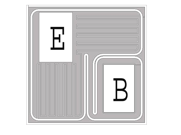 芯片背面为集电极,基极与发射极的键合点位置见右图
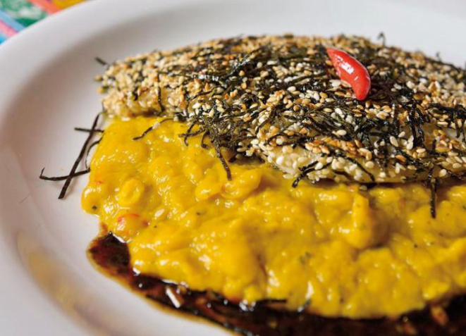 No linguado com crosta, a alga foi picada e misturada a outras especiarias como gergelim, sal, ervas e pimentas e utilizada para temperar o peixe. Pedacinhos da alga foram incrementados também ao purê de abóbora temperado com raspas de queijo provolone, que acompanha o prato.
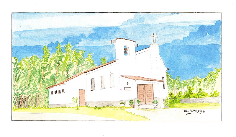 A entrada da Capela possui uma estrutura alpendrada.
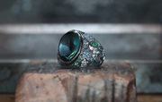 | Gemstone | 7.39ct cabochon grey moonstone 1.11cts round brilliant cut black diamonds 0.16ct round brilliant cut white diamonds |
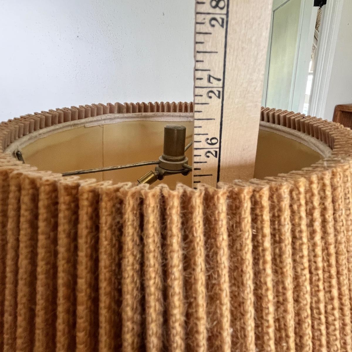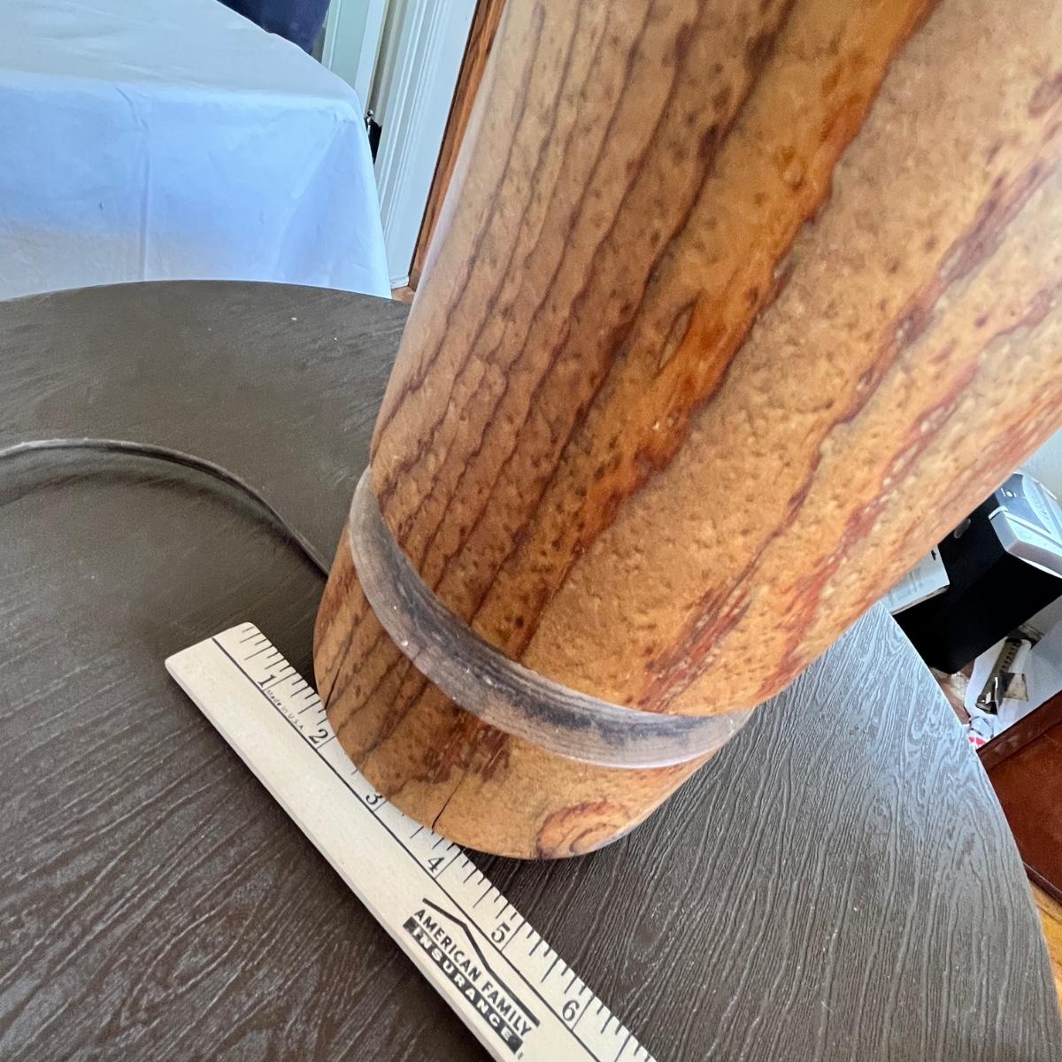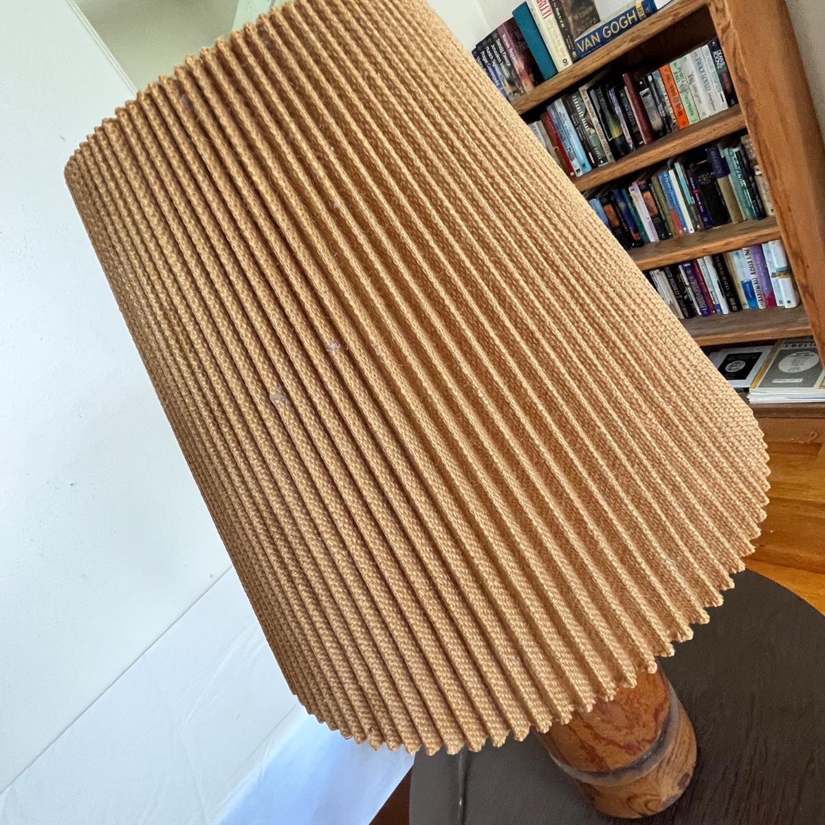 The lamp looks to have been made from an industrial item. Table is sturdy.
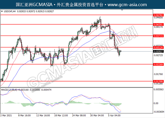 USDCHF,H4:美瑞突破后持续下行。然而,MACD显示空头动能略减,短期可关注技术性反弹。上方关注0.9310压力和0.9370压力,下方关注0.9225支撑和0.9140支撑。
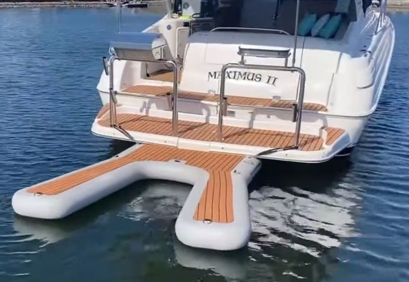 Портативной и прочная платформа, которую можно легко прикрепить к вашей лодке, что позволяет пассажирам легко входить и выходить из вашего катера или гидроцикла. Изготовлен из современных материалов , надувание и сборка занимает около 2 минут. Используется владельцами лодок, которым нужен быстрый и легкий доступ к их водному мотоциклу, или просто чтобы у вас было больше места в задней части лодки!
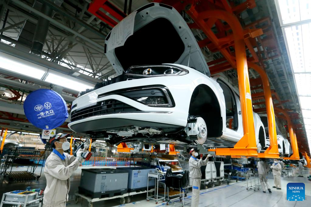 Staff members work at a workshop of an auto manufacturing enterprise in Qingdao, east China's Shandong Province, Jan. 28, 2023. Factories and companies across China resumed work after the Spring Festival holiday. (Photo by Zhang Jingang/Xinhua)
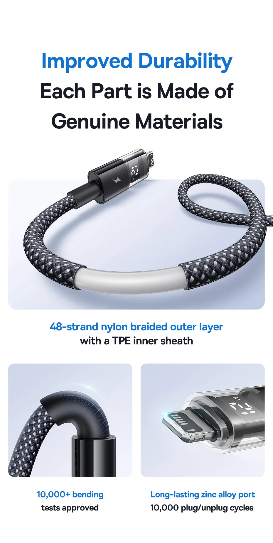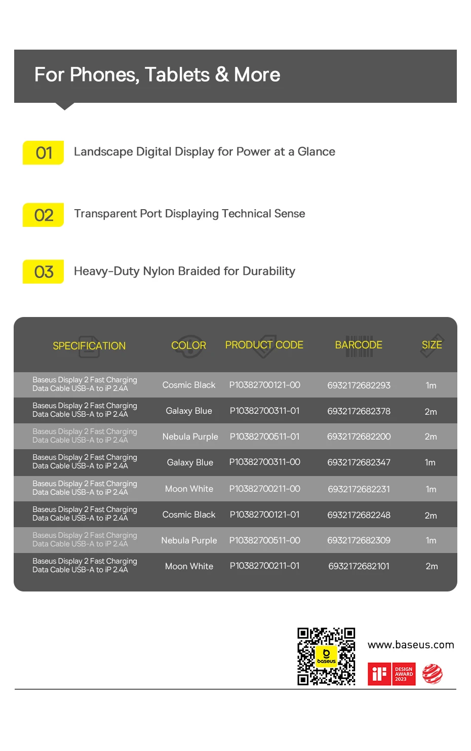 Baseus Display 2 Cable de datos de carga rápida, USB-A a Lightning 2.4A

--

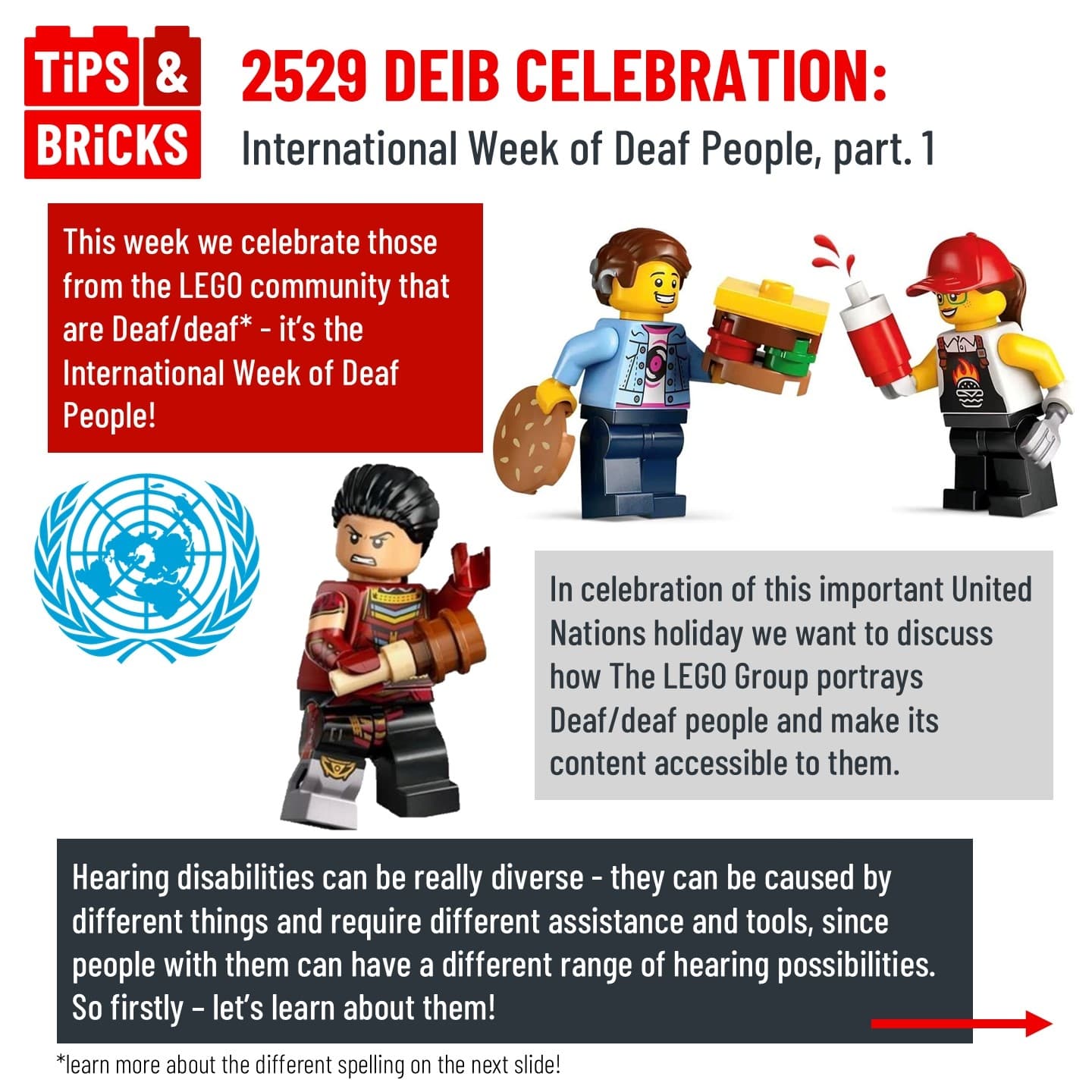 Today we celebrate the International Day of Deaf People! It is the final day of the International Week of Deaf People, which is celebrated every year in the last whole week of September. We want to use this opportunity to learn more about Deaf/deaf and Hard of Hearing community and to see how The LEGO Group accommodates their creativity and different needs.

--

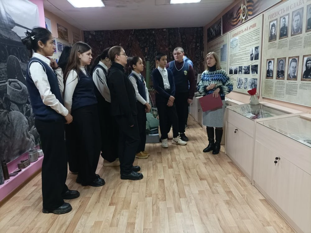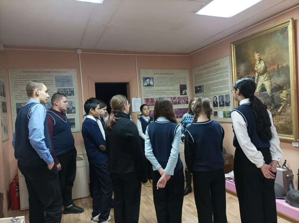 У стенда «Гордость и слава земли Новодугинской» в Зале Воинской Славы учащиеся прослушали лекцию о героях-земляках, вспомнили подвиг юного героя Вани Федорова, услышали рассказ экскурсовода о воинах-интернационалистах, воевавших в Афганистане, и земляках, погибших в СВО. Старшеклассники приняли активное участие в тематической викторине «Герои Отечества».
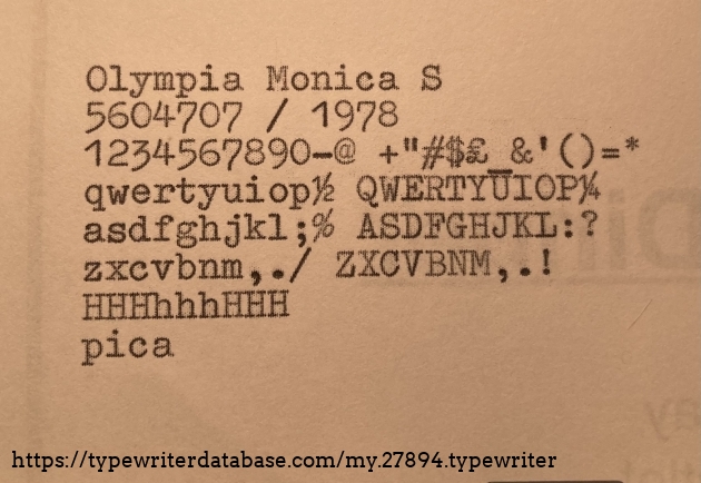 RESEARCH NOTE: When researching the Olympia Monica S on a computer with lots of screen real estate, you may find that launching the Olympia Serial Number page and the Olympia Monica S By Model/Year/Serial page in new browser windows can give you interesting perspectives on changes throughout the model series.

What this task involves — Using the records above, return word for word the lines that begin at the one containing "芯片背面为集电极,基极与发射极的键合点位置见右图" and end at the one containing "A entrada da", both of them included and no pictures.

The answer —
 芯片背面为集电极,基极与发射极的键合点位置见右图
 No linguado com crosta, a alga foi picada e misturada a outras especiarias como gergelim, sal, ervas e pimentas e utilizada para temperar o peixe. Pedacinhos da alga foram incrementados também ao purê de abóbora temperado com raspas de queijo provolone, que acompanha o prato.
 A entrada da Capela possui uma estrutura alpendrada.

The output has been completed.